A gennaio i segnali di flessione congiunturale hanno riguardato anche fatturato (-3,5%) e ordinativi (-2,9%) dell’industria. Tuttavia nel trimestre novembre-gennaio il fatturato ha registrato un aumento (+1,7%) a seguito di un andamento positivo sia del mercato interno (+1,7%) sia di quello estero (+1,8%). Tutti i comparti dell’industria, in particolare i beni intermedi (+2,1%) e l’energia (12,3%), hanno mostrato una dinamica trimestrale positiva. Nel trimestre novembre-gennaio sono aumentati anche gli ordinativi (+0,8%), trainati da quelli sul mercato estero (+1,3%).

Nello stesso trimestre, gli scambi con l’estero sono risultati particolarmente intensi (+3,8% per l’export e +4,3% per l’import) soprattutto con i paesi extra-Ue. Le vendite di tutti i principali raggruppamenti industriali sono in espansione. In gennaio, Russia, Cina, Stati Uniti e Giappone risultano gli sbocchi più dinamici per le esportazioni del nostro Paese. Segnali di flessione mensile si registrano a febbraio per i flussi da e verso i paesi i paesi extra-Ue, che mantengono comunque tassi di crescita trimestrali notevolmente elevati (+4,9% per l’export e +10,4% per l’import) .

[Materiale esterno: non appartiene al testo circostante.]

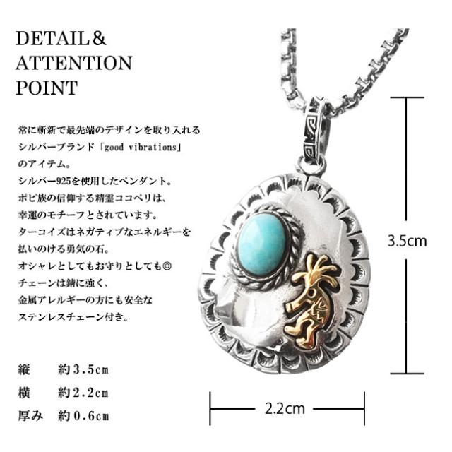 good vibrations グッドバイブレーション シルバーペンダント メンズ レディース シルバー925 ブラス 真鍮 ターコイズ ココペリ ネイティブ 石板 チェーン付き シルバー 【ギフト】 pe326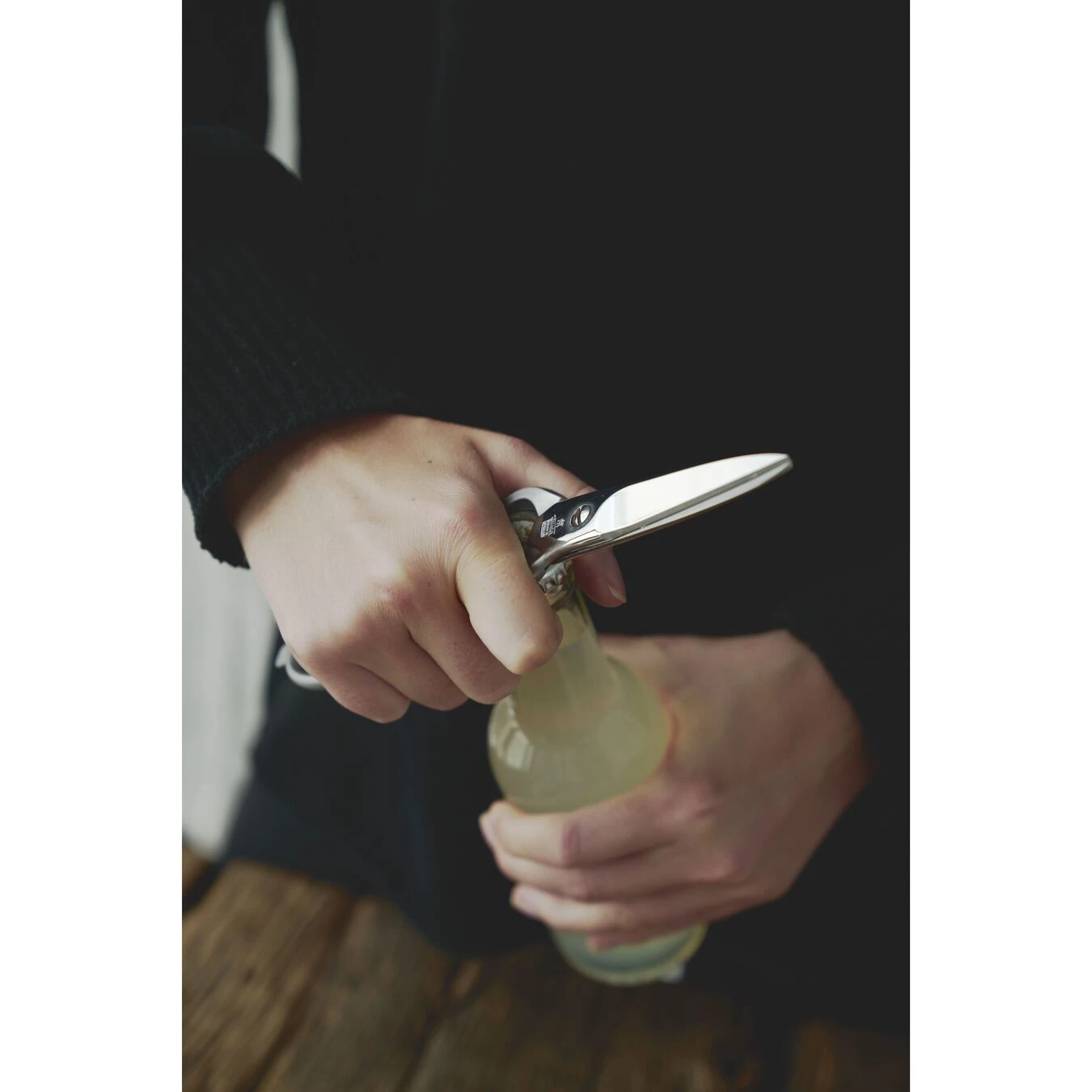 - Im Griff integrierte Kapsel- u. Deckelheber, Drehverschlussöffner

Il settore delle costruzioni ha registrato a gennaio un forte calo anche a seguito delle avverse condizioni climatiche: rispetto al mese precedente, l’indice destagionalizzato della produzione nelle costruzioni si è ridotto del 3,8%. Nella media del trimestre novembre-gennaio la variazione congiunturale rimane leggermente negativa (-0,7%). Nel quarto trimestre 2016 i prezzi delle abitazioni hanno registrato in termini tendenziali un lieve aumento (+0,1%, da -0,9% del trimestre precedente), con un’inversione della tendenza iniziata nel primo trimestre del 2012. Tuttavia la loro variazione è nulla rispetto al trimestre precedente sintesi di un aumento dei prezzi delle abitazioni nuove (+0,5%) e di un calo di quelli delle abitazioni esistenti (-0,2%).

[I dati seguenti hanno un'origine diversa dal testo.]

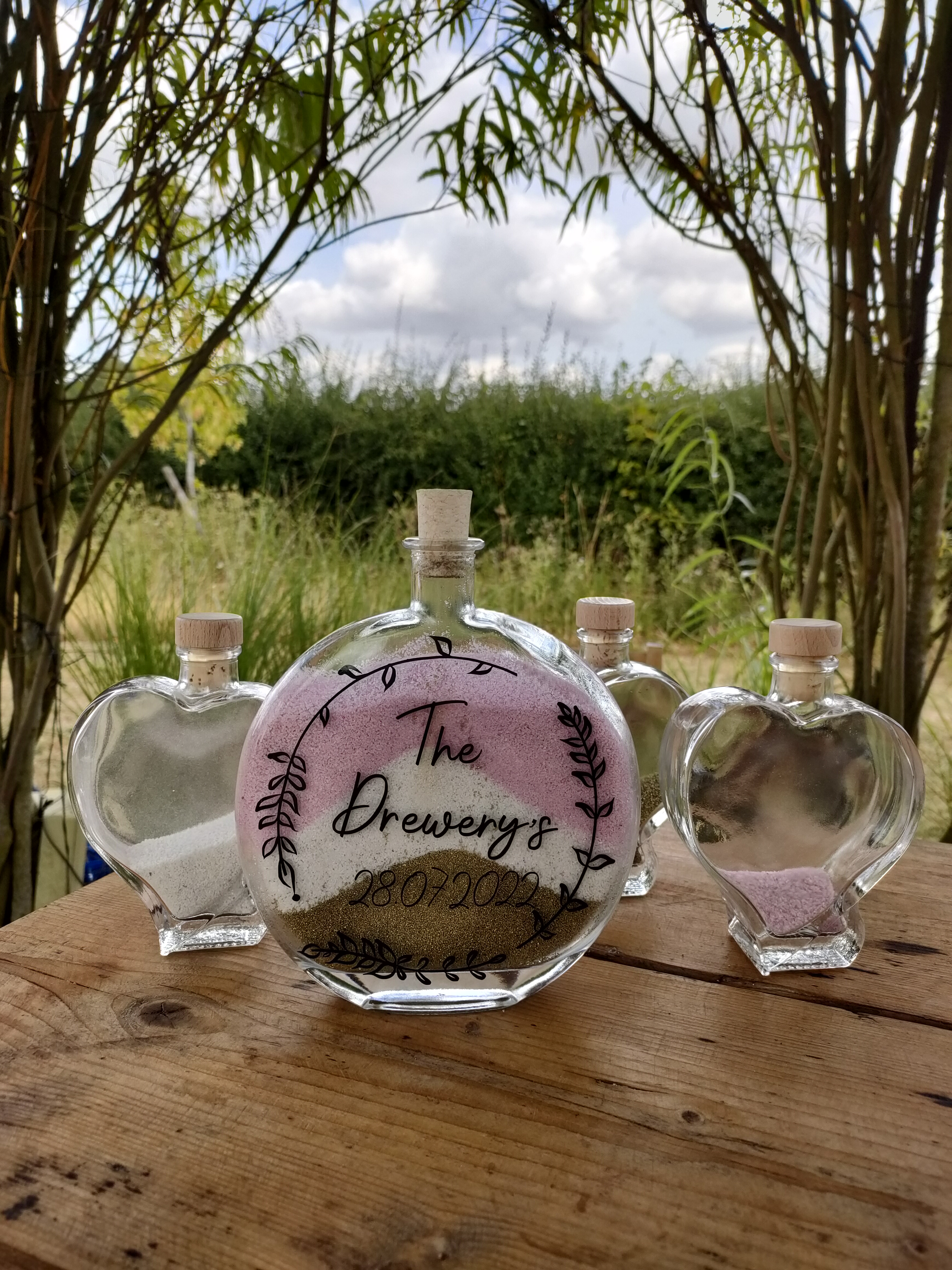 Emma and Jack held their wedding ceremony at Sissons Barn and wanted to include a sand ceremony as part of the service. They have a young daughter and wanted to choose three different coloured sands that matched their theme but also held some meaning for each person. Gold (the colour of wealth), White (the colour of purity) and Pink (the colour of love).

Complessivamente, la ripresa dei livelli di attività economica è associata ad un recupero di profittabilità delle imprese: nel quarto trimestre del 2016 la quota di profitto delle società non finanziarie è aumentata nei confronti sia del periodo precedente (+0,3 punti percentuali) sia del corrispondente trimestre del 2015 (+1,1 punti). Contestualmente aumenta anche il tasso di investimento.

Famiglie e mercato del lavoro

Nel quarto trimestre 2016, i consumi delle famiglie italiane sono aumentati dello 0,5% rispetto al trimestre precedente, in presenza di una diminuzione del reddito disponibile (-0,6%) e del potere di acquisto delle famiglie consumatrici (-0,9%). La crescita dei consumi è stata quindi sostenuta da una netta flessione della propensione al risparmio (un punto percentuale in meno rispetto sul trimestre precedente).

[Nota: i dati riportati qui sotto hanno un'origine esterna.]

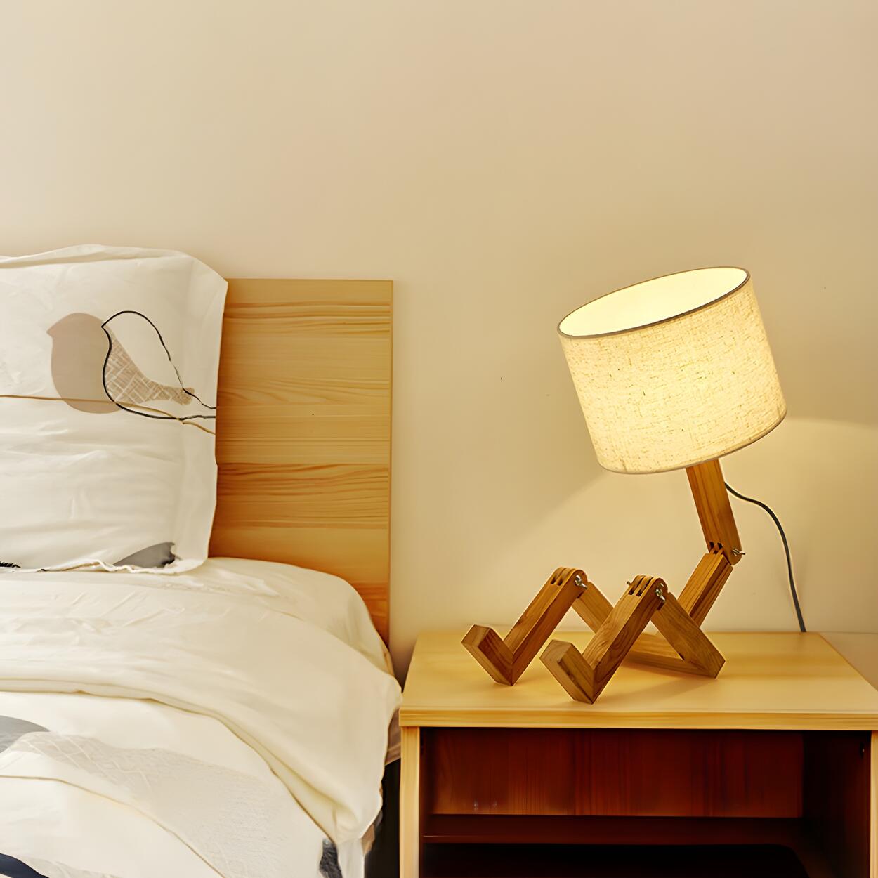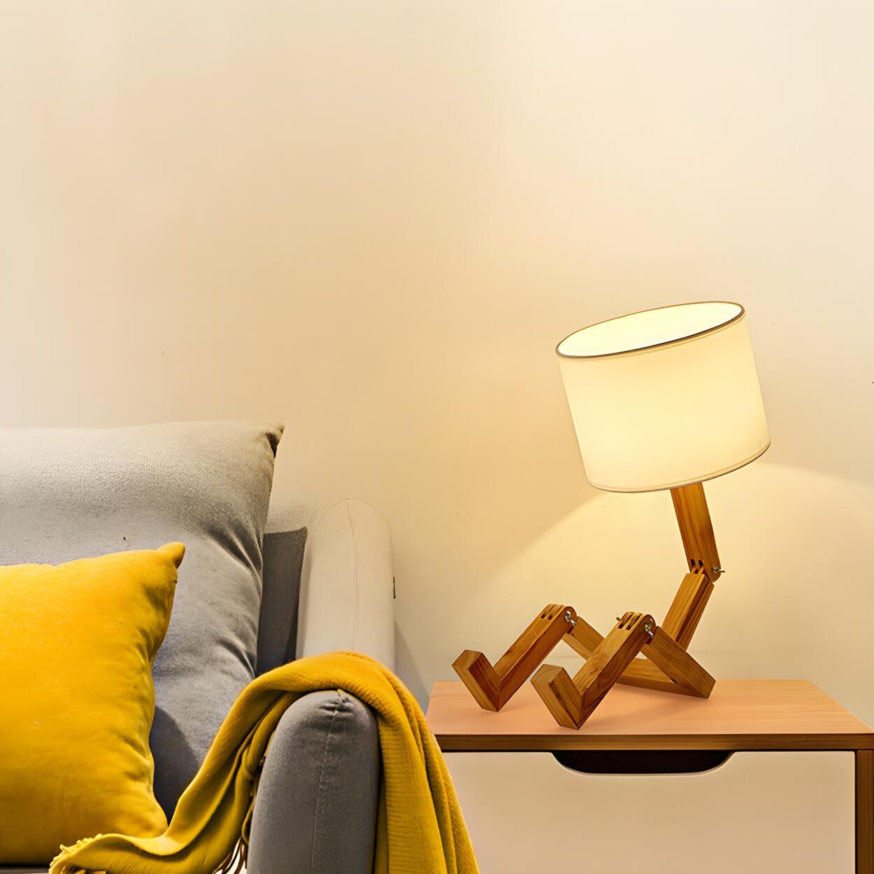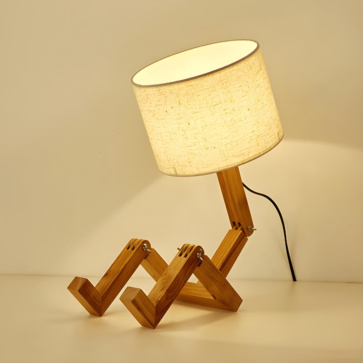 Creative Barrel Fabric Shade Wooden Robot Table Lamp

A gennaio il volume delle vendite al dettaglio ha registrato un incremento dell’1,1%, determinato da una dinamica positiva sia per i beni alimentari (+1,9%) sia per i beni non alimentari (+0,8%). Tuttavia nella media del trimestre novembre-gennaio il volume è risultato in diminuzione dello 0,2%.

A febbraio il livello dell’occupazione si è mantenuto sui livelli del mese prece-dente, confermando la pausa del processo di crescita.